I know the white ground goes to the neg post on Batt. NO. 1 and the wire from the TT goes to the pos post on Batt No 2. Then do I hook up the two neg posts together and the two pos post together. This would put the two 12V batteries in parrallel and the power is still 12v. (not in series). Is this correct? It seems I'm short one cable, if this is correct. Thanks for the help.


----------



## hautevue (Mar 8, 2009)

iowaboy said:


> I know the white ground goes to the neg post on Batt. NO. 1 and the wire from the TT goes to the pos post on Batt No 2. Then do I hook up the two neg posts together and the two pos post together. This would put the two 12V batteries in parrallel and the power is still 12v. (not in series). Is this correct? It seems I'm short one cable, if this is correct. Thanks for the help.


Yep, you got it! Wire it the easiest way keeping wire lengths short and use thick automotive battery wire. Ground wire to frame goes to negative on one battery. Positive (black) from TT goes to POS on one battery.

Connect the POS on one battery to the POS on the other. Connect the NEG on one battery to the NEG on the other.
Note that two of the batterry terminals will have two big wires attached: the POS to the TT will also have the jumper to the POS on the second battery. The NEG on one battery will have a jumper to the other NEG terminal, which will be the one that has the frame ground--that wire will run from the NEG terminal to the frame where it's screwed or bolted onto the frame.

Hope this helps!


----------



## Scoutr2 (Aug 21, 2006)

Yup! You have it. But if you hook up NEG to POS between the two batteries (and only one wire from one battery to ground and another single wire connected to the trailer), you'll put them in series and get 24V. That would not be good!

Think of it this way - a flashlight that uses two D-cell batteries has them positioned end to end - POS to NEG. That means that the two 1.5V D-cell batteries, connected together in series, provide 3V for lighting the bulb.

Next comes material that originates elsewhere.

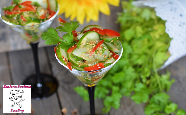Wyrazista w smaku sałatka na bazie świeżego ogórka, pachnącej kolendry, z mocnym akcentem ostrej papryczki i chrupiącą nutą prażonego sezamu doskonale pasuje do każdego rodzaju mięsa, idealnie sprawdzi się również podczas sezonu grillowego.

(And there should be a sticker on the trailer tongue that tells you how to hook up the batteries - NEG and POS - white and black. But the key is hook both NEG terminals together and the two POS terminals together.)

Mike


----------



## RGH Arizona (Aug 15, 2009)

hautevue said:


> I know the white ground goes to the neg post on Batt. NO. 1 and the wire from the TT goes to the pos post on Batt No 2. Then do I hook up the two neg posts together and the two pos post together. This would put the two 12V batteries in parrallel and the power is still 12v. (not in series). Is this correct? It seems I'm short one cable, if this is correct. Thanks for the help.


Yep, you got it! Wire it the easiest way keeping wire lengths short and use thick automotive battery wire. Ground wire to frame goes to negative on one battery. Positive (black) from TT goes to POS on one battery.

Connect the POS on one battery to the POS on the other. Connect the NEG on one battery to the NEG on the other.
Note that two of the batterry terminals will have two big wires attached: the POS to the TT will also have the jumper to the POS on the second battery. The NEG on one battery will have a jumper to the other NEG terminal, which will be the one that has the frame ground--that wire will run from the NEG terminal to the frame where it's screwed or bolted onto the frame.

Hope this helps!
[/quote]
I see this has been a couple of months--but it helped me today.


----------